*Exercise requirements*
In the entries below, find the line with "1。令人感兴趣的是,患者存活情况与图的结构相对应。一种方法是通过变量 eventdeath 的平均值进行着色。其结果如下所示。" and the line with "2025年中考语文第一次模拟测试卷". Reproduce those two lines and every line between them exactly, and nothing more.

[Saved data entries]
Content starts
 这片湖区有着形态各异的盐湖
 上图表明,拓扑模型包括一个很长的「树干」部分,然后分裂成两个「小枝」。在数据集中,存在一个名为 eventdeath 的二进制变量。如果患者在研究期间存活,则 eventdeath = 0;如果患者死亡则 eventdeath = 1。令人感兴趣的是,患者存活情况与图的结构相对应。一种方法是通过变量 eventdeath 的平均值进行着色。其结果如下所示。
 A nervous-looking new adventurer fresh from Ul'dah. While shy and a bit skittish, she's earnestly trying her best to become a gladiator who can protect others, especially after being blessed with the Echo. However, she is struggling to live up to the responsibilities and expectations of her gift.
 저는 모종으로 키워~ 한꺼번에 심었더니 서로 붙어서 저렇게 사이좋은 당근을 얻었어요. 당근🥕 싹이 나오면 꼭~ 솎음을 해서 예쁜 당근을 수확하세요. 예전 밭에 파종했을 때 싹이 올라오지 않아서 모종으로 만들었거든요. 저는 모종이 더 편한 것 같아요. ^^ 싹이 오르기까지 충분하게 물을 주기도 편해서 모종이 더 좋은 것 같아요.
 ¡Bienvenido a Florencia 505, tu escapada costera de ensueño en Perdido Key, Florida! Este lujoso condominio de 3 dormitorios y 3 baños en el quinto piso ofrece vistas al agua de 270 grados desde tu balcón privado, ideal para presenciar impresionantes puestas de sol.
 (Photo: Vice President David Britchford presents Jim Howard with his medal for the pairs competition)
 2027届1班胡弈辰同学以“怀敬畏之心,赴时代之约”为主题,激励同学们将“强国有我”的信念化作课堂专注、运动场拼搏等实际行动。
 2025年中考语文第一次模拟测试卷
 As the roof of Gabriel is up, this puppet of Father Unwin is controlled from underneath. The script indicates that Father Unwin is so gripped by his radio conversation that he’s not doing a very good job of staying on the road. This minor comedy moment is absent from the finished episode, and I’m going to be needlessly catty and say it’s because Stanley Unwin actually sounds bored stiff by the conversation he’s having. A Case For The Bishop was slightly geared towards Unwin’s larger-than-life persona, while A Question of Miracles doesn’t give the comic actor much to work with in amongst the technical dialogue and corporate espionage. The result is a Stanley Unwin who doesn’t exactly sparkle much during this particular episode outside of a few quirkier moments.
Content ends
*Exercise output*
 上图表明,拓扑模型包括一个很长的「树干」部分,然后分裂成两个「小枝」。在数据集中,存在一个名为 eventdeath 的二进制变量。如果患者在研究期间存活,则 eventdeath = 0;如果患者死亡则 eventdeath = 1。令人感兴趣的是,患者存活情况与图的结构相对应。一种方法是通过变量 eventdeath 的平均值进行着色。其结果如下所示。
 A nervous-looking new adventurer fresh from Ul'dah. While shy and a bit skittish, she's earnestly trying her best to become a gladiator who can protect others, especially after being blessed with the Echo. However, she is struggling to live up to the responsibilities and expectations of her gift.
 저는 모종으로 키워~ 한꺼번에 심었더니 서로 붙어서 저렇게 사이좋은 당근을 얻었어요. 당근🥕 싹이 나오면 꼭~ 솎음을 해서 예쁜 당근을 수확하세요. 예전 밭에 파종했을 때 싹이 올라오지 않아서 모종으로 만들었거든요. 저는 모종이 더 편한 것 같아요. ^^ 싹이 오르기까지 충분하게 물을 주기도 편해서 모종이 더 좋은 것 같아요.
 ¡Bienvenido a Florencia 505, tu escapada costera de ensueño en Perdido Key, Florida! Este lujoso condominio de 3 dormitorios y 3 baños en el quinto piso ofrece vistas al agua de 270 grados desde tu balcón privado, ideal para presenciar impresionantes puestas de sol.
 (Photo: Vice President David Britchford presents Jim Howard with his medal for the pairs competition)
 2027届1班胡弈辰同学以“怀敬畏之心,赴时代之约”为主题,激励同学们将“强国有我”的信念化作课堂专注、运动场拼搏等实际行动。
 2025年中考语文第一次模拟测试卷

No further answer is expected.